#### Extracted entries

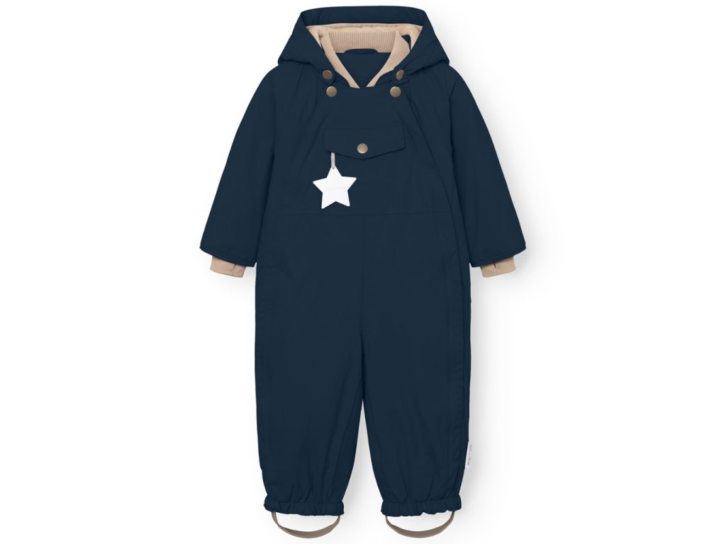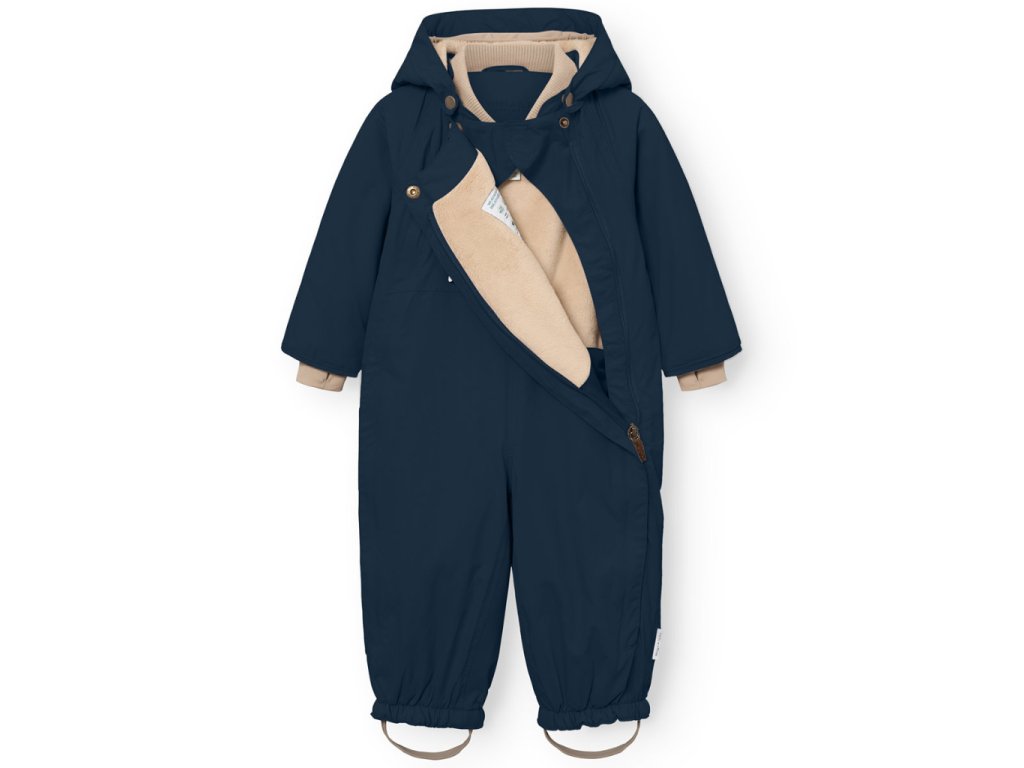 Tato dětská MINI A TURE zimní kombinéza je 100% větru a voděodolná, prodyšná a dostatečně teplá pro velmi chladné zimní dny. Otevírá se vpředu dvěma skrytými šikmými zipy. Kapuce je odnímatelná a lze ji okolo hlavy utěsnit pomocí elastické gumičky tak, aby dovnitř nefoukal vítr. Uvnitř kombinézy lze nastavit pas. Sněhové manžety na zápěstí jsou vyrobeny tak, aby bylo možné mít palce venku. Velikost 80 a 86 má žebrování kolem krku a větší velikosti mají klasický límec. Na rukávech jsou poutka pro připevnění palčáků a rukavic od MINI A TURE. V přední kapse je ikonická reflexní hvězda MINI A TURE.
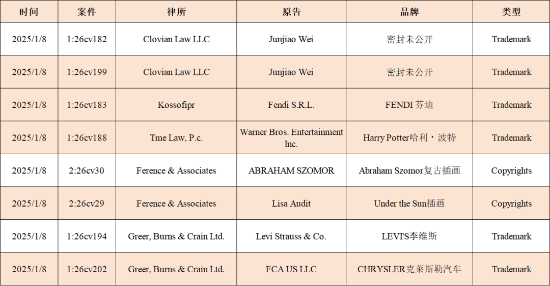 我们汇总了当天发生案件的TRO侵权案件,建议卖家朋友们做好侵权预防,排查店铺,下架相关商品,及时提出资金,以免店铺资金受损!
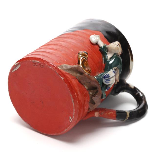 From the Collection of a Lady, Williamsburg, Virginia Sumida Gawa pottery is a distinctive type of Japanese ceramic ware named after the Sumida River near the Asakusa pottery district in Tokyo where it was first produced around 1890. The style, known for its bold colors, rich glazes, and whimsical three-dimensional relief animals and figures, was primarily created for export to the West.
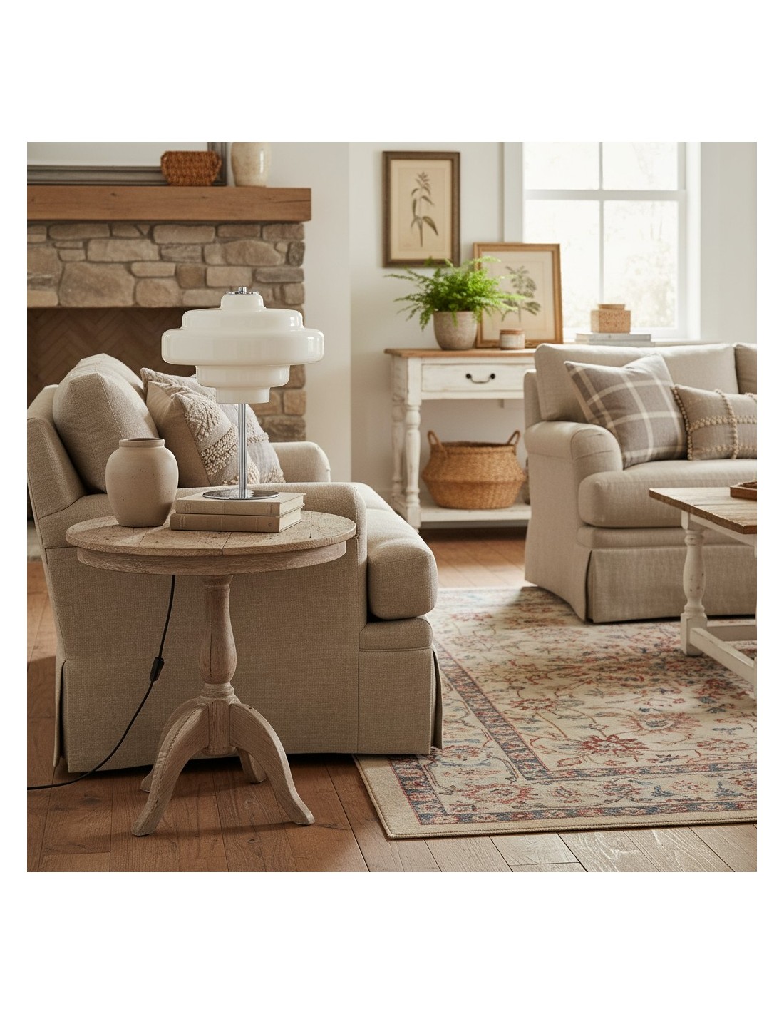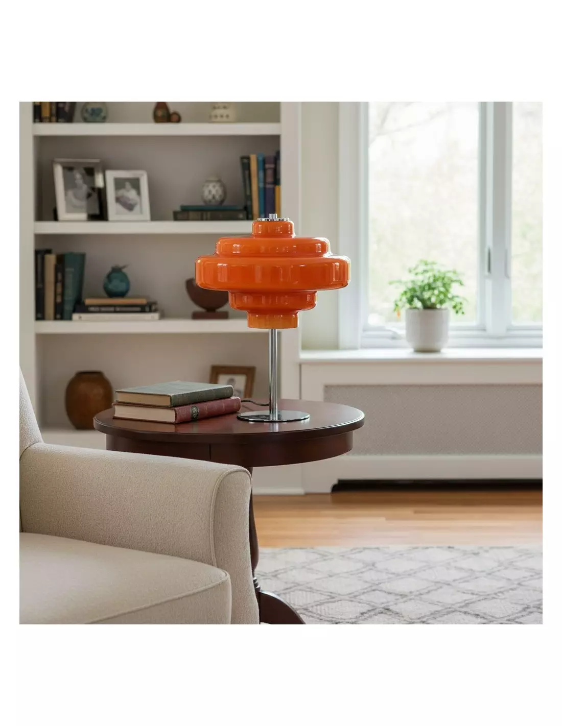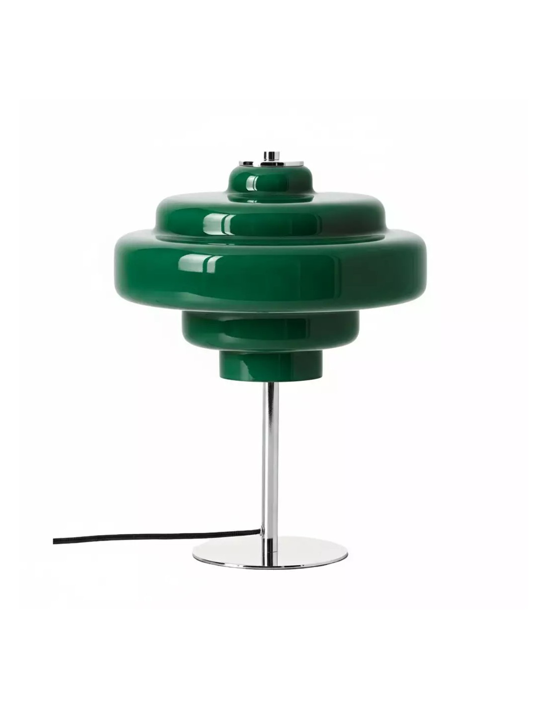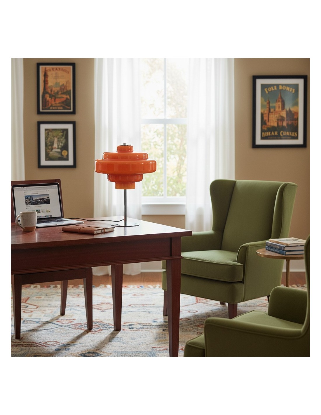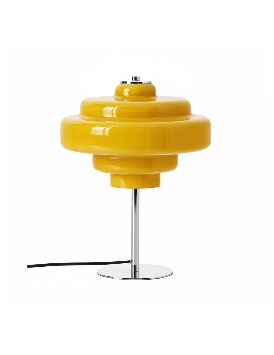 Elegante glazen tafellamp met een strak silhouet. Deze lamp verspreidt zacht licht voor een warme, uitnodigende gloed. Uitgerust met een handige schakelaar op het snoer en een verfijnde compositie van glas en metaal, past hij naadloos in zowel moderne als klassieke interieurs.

########
#### Extracted entries

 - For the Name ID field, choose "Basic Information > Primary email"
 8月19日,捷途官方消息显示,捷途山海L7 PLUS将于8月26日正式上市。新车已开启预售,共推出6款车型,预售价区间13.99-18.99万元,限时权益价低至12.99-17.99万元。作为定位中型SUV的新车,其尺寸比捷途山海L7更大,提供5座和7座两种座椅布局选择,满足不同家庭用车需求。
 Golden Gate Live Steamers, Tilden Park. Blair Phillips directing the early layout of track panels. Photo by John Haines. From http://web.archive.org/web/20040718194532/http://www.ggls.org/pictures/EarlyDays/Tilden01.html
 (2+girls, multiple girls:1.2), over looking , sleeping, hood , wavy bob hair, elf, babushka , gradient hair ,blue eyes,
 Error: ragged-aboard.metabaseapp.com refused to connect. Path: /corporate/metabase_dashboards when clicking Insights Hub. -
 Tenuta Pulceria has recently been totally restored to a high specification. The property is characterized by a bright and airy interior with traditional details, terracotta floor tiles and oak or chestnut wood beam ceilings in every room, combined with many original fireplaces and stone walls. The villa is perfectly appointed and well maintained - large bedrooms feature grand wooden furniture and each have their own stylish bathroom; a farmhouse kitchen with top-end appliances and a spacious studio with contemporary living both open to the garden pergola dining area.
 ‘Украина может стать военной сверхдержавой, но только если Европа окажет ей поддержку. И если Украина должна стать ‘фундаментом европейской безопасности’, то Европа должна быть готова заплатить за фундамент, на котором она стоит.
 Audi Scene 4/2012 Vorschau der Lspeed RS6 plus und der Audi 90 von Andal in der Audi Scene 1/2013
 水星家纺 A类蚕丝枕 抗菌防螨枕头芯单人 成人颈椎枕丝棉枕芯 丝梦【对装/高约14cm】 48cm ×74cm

########

◆ What this task involves
Would you copy, unchanged, the stretch of the records above that begins at the line containing "- For the Name" and ends at the line containing "Tenuta Pulceria has", and only that?

◆ Written response
 - For the Name ID field, choose "Basic Information > Primary email"
 8月19日,捷途官方消息显示,捷途山海L7 PLUS将于8月26日正式上市。新车已开启预售,共推出6款车型,预售价区间13.99-18.99万元,限时权益价低至12.99-17.99万元。作为定位中型SUV的新车,其尺寸比捷途山海L7更大,提供5座和7座两种座椅布局选择,满足不同家庭用车需求。
 Golden Gate Live Steamers, Tilden Park. Blair Phillips directing the early layout of track panels. Photo by John Haines. From http://web.archive.org/web/20040718194532/http://www.ggls.org/pictures/EarlyDays/Tilden01.html
 (2+girls, multiple girls:1.2), over looking , sleeping, hood , wavy bob hair, elf, babushka , gradient hair ,blue eyes,
 Error: ragged-aboard.metabaseapp.com refused to connect. Path: /corporate/metabase_dashboards when clicking Insights Hub. -
 Tenuta Pulceria has recently been totally restored to a high specification. The property is characterized by a bright and airy interior with traditional details, terracotta floor tiles and oak or chestnut wood beam ceilings in every room, combined with many original fireplaces and stone walls. The villa is perfectly appointed and well maintained - large bedrooms feature grand wooden furniture and each have their own stylish bathroom; a farmhouse kitchen with top-end appliances and a spacious studio with contemporary living both open to the garden pergola dining area.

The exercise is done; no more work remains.